3. Softmax: sᵢ = exp(zᵢ)/Σⱼexp(zⱼ)

$$J_{ij} = \begin{cases} s_i(1 - s_i) & i = j \ -s_i s_j & i \neq j \end{cases} = s_i(\delta_{ij} - s_j)$$

Equivalently: J = diag(s) - s****sᵀ

4. Batch Normalization: (simplified, ignoring running stats)

For y = γ · (x - μ)/σ + β:

The Jacobian is more complex due to the mean and variance depending on all inputs. See BN paper for full derivation.

5. Dropout: (during training with mask m)

$$\mathbf{J} = \frac{1}{1-p} \cdot \text{diag}(m_1, m_2, \ldots, m_n)$$

Diagonal with entries 0 or 1/(1-p), stochastic per forward pass.

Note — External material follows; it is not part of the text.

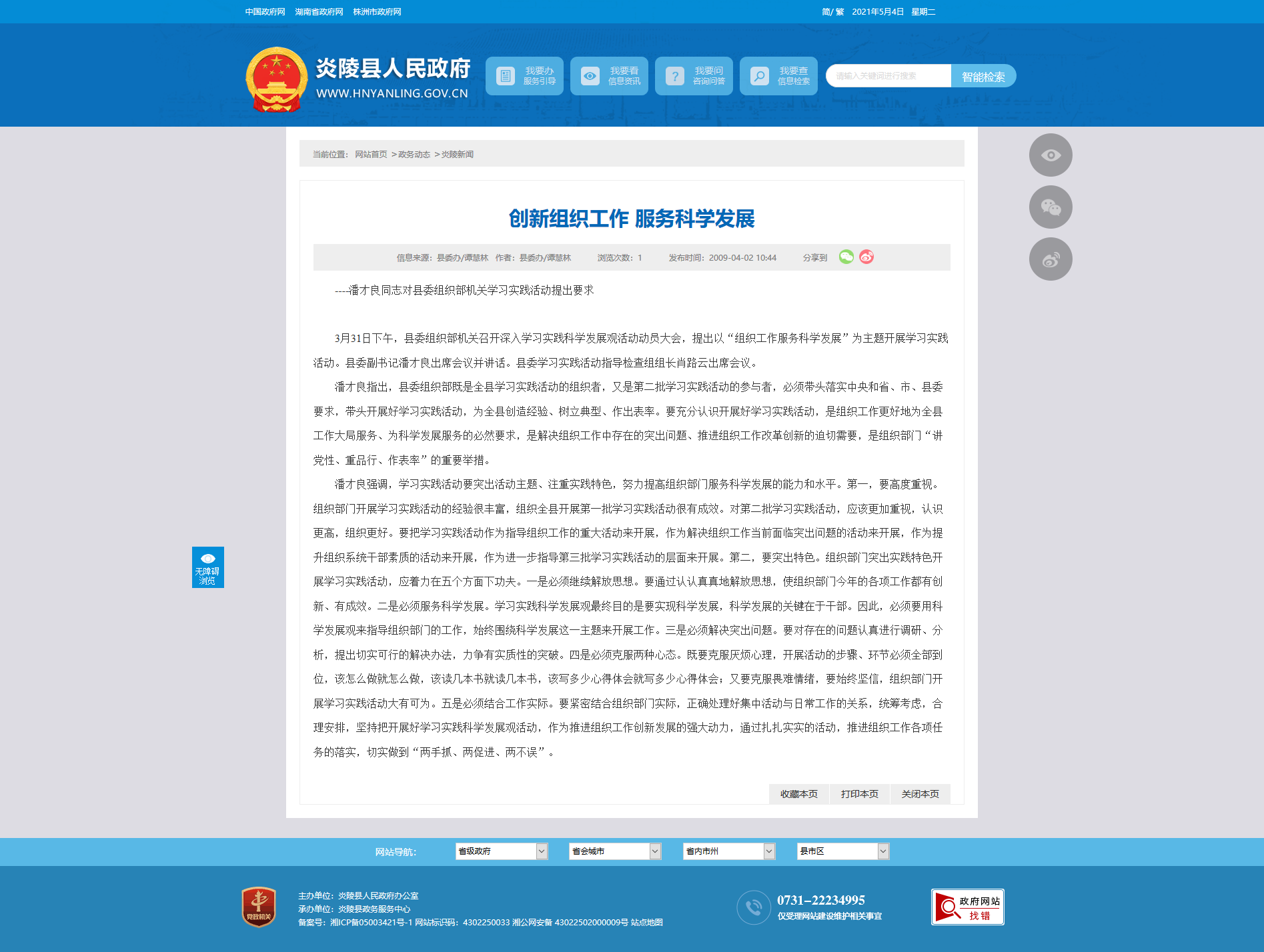 ----潘才良同志对县委组织部机关学习实践活动提出要求

Jacobian Properties of Common Layers
Layer	Jacobian Structure	Memory for VJP	Gradient Issues
Linear (m×n weights)	Dense m×n (= W)	O(m×n)	Explodes/vanishes with W magnitude
ReLU	Diagonal 0/1	O(n) mask	Dead neurons (zeros)
Sigmoid	Diagonal in (0, 0.25)	O(n) activations	Vanishing (max derivative = 0.25)
Softmax	Dense n×n	O(n) softmax output	Full coupling between outputs
BatchNorm	Nearly diagonal	O(n)	Stabilizes gradient flow
Residual (x + f(x))	I + J_f	O(n)	Identity helps gradient flow

Residual Connections

Residual connections y = x + f(x) have Jacobian J = I + J_f. Even if J_f vanishes (deep network), the identity I ensures gradients flow unimpeded. This is why ResNets train so much more easily than plain deep networks.

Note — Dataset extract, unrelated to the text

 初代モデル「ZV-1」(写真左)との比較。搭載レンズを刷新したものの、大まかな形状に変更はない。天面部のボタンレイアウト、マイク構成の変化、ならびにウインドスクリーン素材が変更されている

The Jacobian Determinant: Volume and Invertibility

When the Jacobian is square (n × n), its determinant carries important information about the transformation.

Definition:

The Jacobian determinant of f: ℝⁿ → ℝⁿ at x is:

$$\det\left(\mathbf{J}_\mathbf{f}(\mathbf{x})\right) = \det\left( \frac{\partial \mathbf{f}}{\partial \mathbf{x}} \right)$$

Geometric Meaning:

|det J| measures how infinitesimal volumes scale under the transformation:

$$\text{Volume}(\mathbf{f}(S)) \approx |\det \mathbf{J}| \cdot \text{Volume}(S)$$

for small regions S.

Implications:

|det J| > 1: Transformation expands volume
|det J| < 1: Transformation contracts volume
det J = 0: Transformation collapses dimension (not invertible)
det J < 0: Transformation reverses orientation (flips handedness)

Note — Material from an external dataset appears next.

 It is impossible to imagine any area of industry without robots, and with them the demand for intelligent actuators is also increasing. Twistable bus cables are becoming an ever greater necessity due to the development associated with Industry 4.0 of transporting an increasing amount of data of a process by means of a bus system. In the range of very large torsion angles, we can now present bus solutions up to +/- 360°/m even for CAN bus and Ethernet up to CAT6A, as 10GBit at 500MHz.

Change of Variables (Integration):

When integrating after a change of variables x = g(u):

$$\int f(\mathbf{x}) , d\mathbf{x} = \int f(\mathbf{g}(\mathbf{u})) |\det \mathbf{J}_\mathbf{g}| , d\mathbf{u}$$

The |det J| factor compensates for volume distortion.

Application: Normalizing Flows

Normalizing flows model complex probability distributions by transforming a simple base distribution (like Gaussian) through invertible neural networks. The log-probability is:

$$\log p(\mathbf{x}) = \log p(\mathbf{z}) - \log|\det \mathbf{J}|$$

Efficiently computing log|det J| is a major research area, leading to architectures like RealNVP, Glow, and Neural ODEs.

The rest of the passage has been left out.